Layered on top of that reasoning core is the shift from a Large Language Model to what the industry calls a Large Action Model: a system built not just to generate text but to predict and execute sequences of real-world actions with minimal human intervention (TechTarget). In an offensive context, "actions" are HTTP requests, payloads, header manipulations, session replays, and follow-on probes. The agent plans a chain, executes it, reads the response, and decides whether it just found a foothold or a dead end.

Put those two ideas together and you get the practical definition. Agentic red teaming is autonomous offensive testing where the tool plans, acts, interprets feedback, and chains steps by itself, running continuously like a 24/7 virtual red team rather than a scan you kick off and wait on. It is the difference between a tool that checks a list and a tool that pursues a goal. For a broader primer on how autonomous testing differs from traditional scanning, see our guide to what AI pentesting is in 2026.

The loop, step by step

Plan. The agent reasons about the target: which endpoints look interesting, which parameter is a likely injection point, which user role to impersonate.
Act. It executes a concrete action, a crafted request, a fuzzed parameter, a forged token.
Observe. It reads the response, a status code, an error, a leaked object, a timing difference, and interprets what changed.
Chain. It uses that observation to plan the next step, chaining a foothold into a deeper exploit, then returns to plan.

Because the loop never tires and can run many chains in parallel, the agent behaves like a red team that works around the clock. That is the source of its power. It is also, as the data shows, the source of a common misunderstanding about its limits.

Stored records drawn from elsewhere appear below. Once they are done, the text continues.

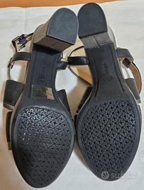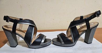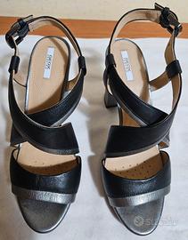 Sandali della Geox, colore nero e profilo argento, taglia 37, nuovi mai utilizzati. Spedizione in 24h, altrimenti consegna a mano.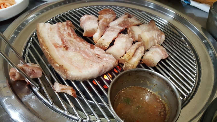 예전에 갔던 식당 중에도 여기가 있었던 것 같긴한데 잘 기억은 안 나고 어쨌든 오겹살을 먹을 수 있는 저팔계깡통연탄구이입니다. 저 소스와 함께 찍어먹으니 맛이 기가 막혔죠.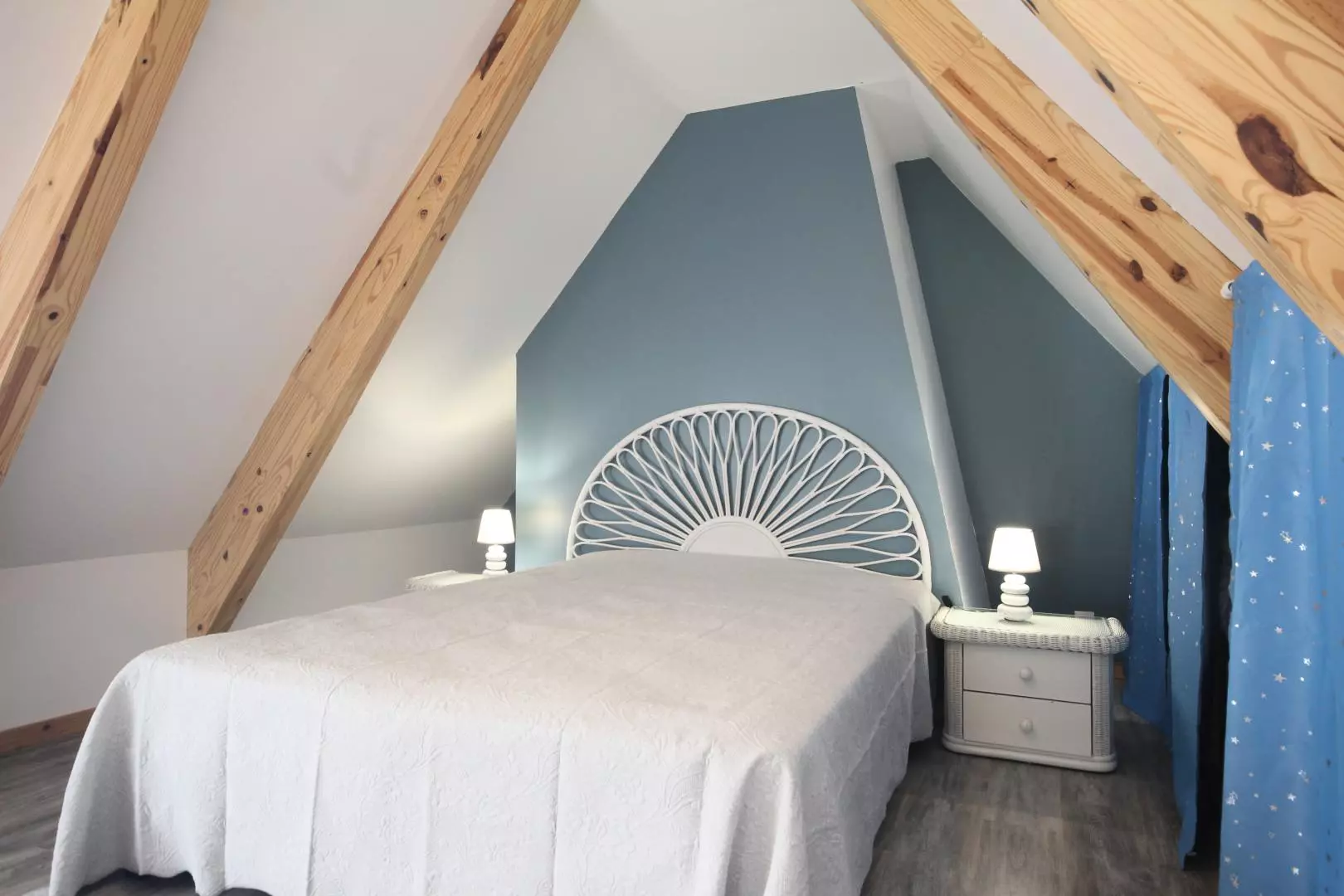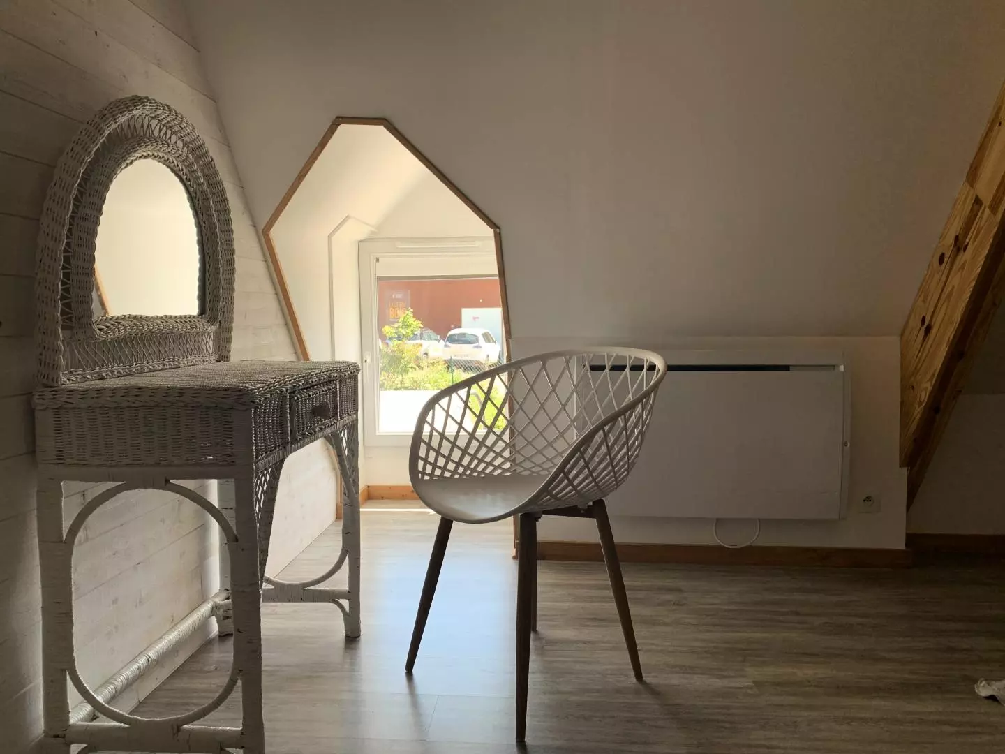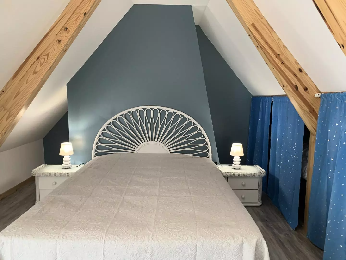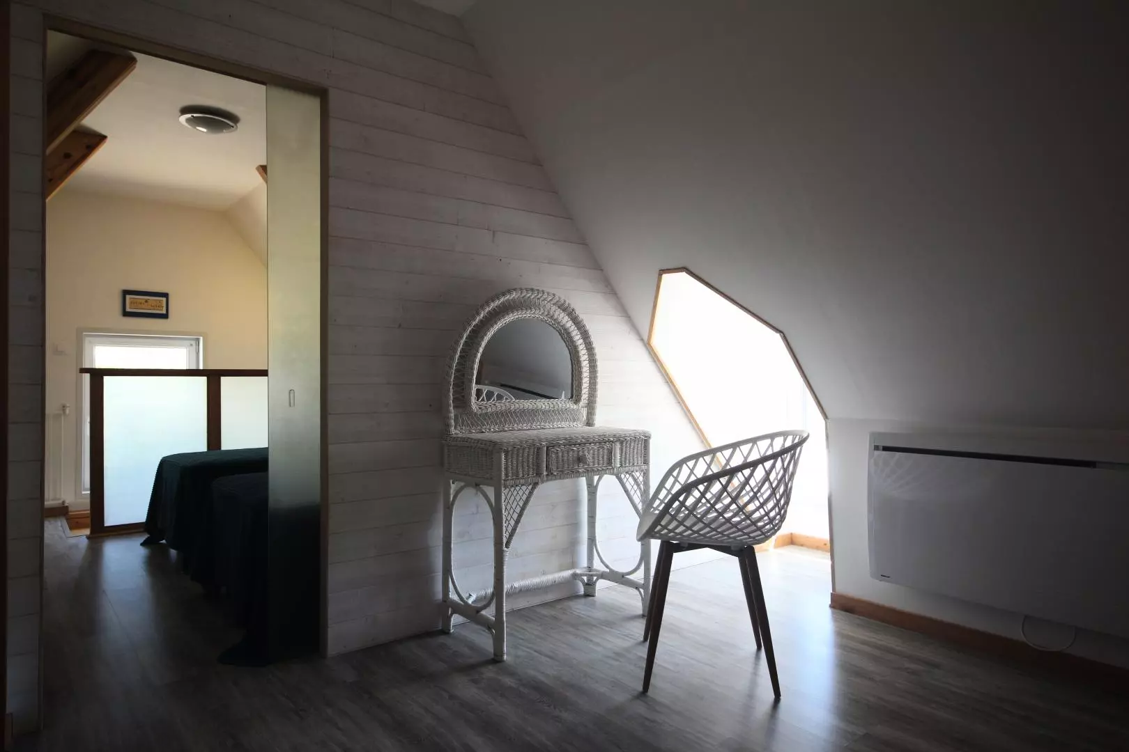 - en enfilade de la 1ère chambre : 1 chambre mansardée avec 1 lit 2 personnes 160x200cm, coiffeuse.

What autonomous AI attackers do well

The strengths are real, and the numbers are not subtle.

Breadth and coverage. An autonomous agent does not skip the boring 80% of an attack surface because it is boring. It enumerates everything. That relentless coverage is exactly why an AI agent could submit nearly 1,060 vulnerability reports and top HackerOne's US leaderboard in 2025 (XBOW). No human researcher matches that volume.

Speed. On pattern-based bug classes, the agent is not a little faster, it is orders of magnitude faster. In XBOW's own 104-benchmark comparison, a principal pentester with more than 20 years of experience and the agent scored the same 85%, but the human took 40 hours and the agent took 28 minutes (XBOW). When the work is high-volume and mechanical, machine speed compounds.

Tireless, 24/7 operation. Humans get tired; agents do not. As one offensive-AI researcher put it in SecurityWeek's 2026 outlook, "Red teaming requires creativity, pattern-breaking thinking, and the ability to try thousands of unconventional attack paths. Humans get tired. AI doesn't" (SecurityWeek Cyber Insights 2026). Continuous testing catches regressions the moment they ship rather than at the next quarterly engagement.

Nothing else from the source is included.